Hidrossolúveis – menos efeitos tissulares: Atenolol 
Eliminação e metabolismo: Atenolol e nadolol são eliminados pelo rim e requerem ajuste da dose em pacientes com insuficiência renal. Propranolol, metoprolol, labetalol, carvedilol e nebivolol são excretados primeiramente pro metabolismo hepático.
Meia vida: Não seletivos – tem meia vida menor, exceto nadolol (10-20); Seletivos: meia vida alta; vasodilatadores: meia vida alta. 

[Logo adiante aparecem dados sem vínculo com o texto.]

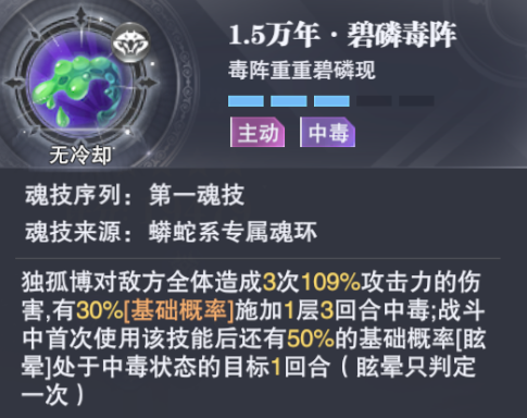 首先独孤博在开场便会对敌人全体施加持续2回合的2层中毒状态,而接着独孤博的技能【碧磷毒阵】便有不低的几率对中毒的单位造成眩晕: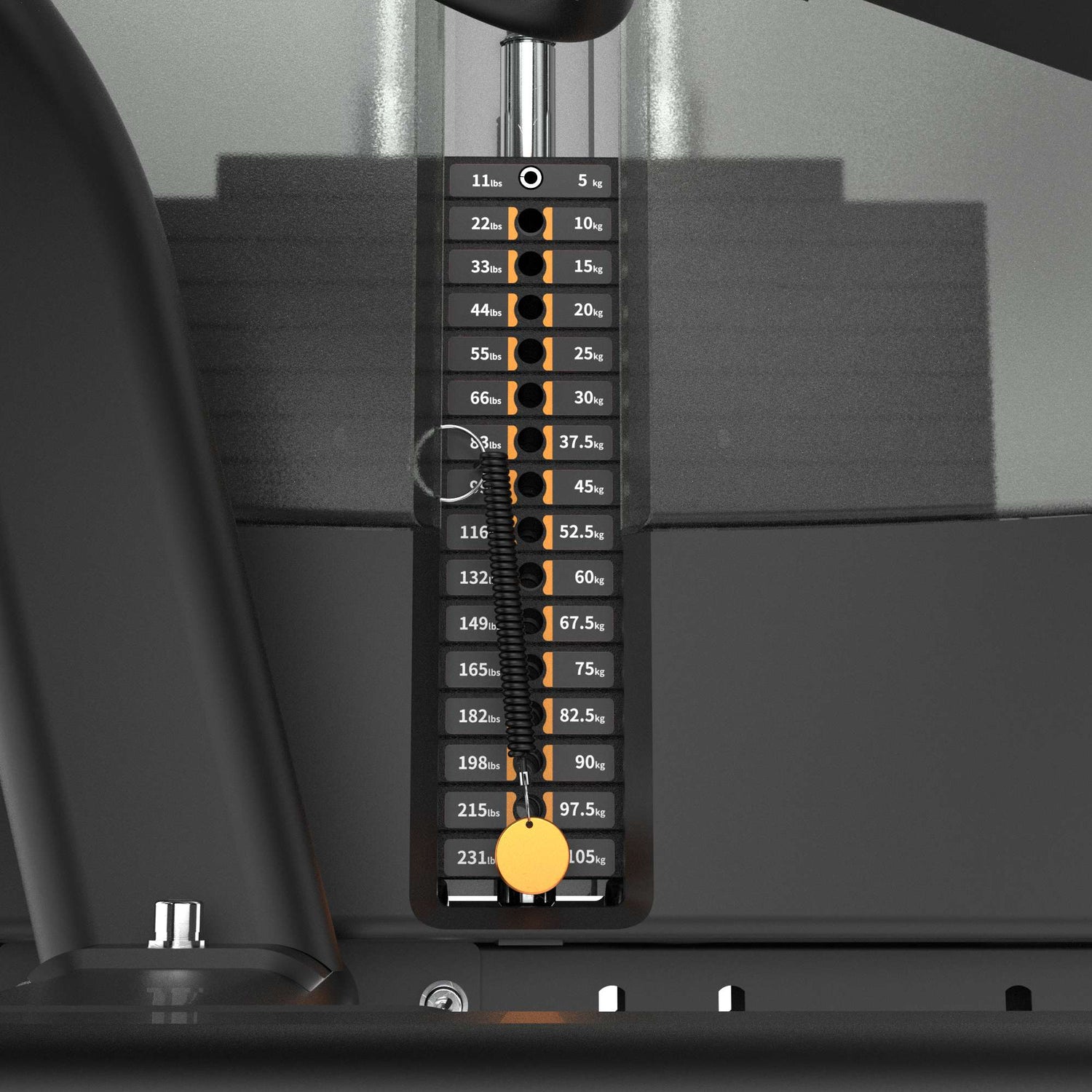 La máquina cuenta con un stack principal de 105 kg, que puede ampliarse a 117,5 kg según las necesidades de progresión. Este sistema de carga, fabricado en hierro fundido de alta densidad con recubrimiento protector, garantiza un movimiento estable y silencioso en cada repetición.

4 – Explique o broncoespasmo e a sonolência provocada por alguns b-bloqueadores 
O broncoespasmo ocorre no uso de B-bloqueadores não seletivos, pois eles atuam nos receptores adrenérgicos sem seletividade, ou seja, receptores beta 1 encontrado no miocárdio (bradicardia) e Beta 2 encontrado no músculo liso dos pulmões, inibindo a função de broncodilatação. Dessa forma, pacientes com asmas e DPOC têm contraindicação para o uso dessa classe, por risco de broncoespasmo. Já Alguns betabloqueadores tem efeito no SNC, atravessando a barreira hematoencefálica, ocasionando assim distúrbios do sono, com insônia, e dessa forma, provocando sonolência diurna.
5 – Qual a vantagem dos betabloqueadores com atividade simpaticomimética intrínseca?
O betabloqueador não seletivo, Pindolol, apresenta atividade simpatomimética intrínseca, ou seja, age como um agonista adrenérgico parcial, dessa forma, apresenta menos bradicardia e broncoconstrição que os demais betabloqueadores dessa classe.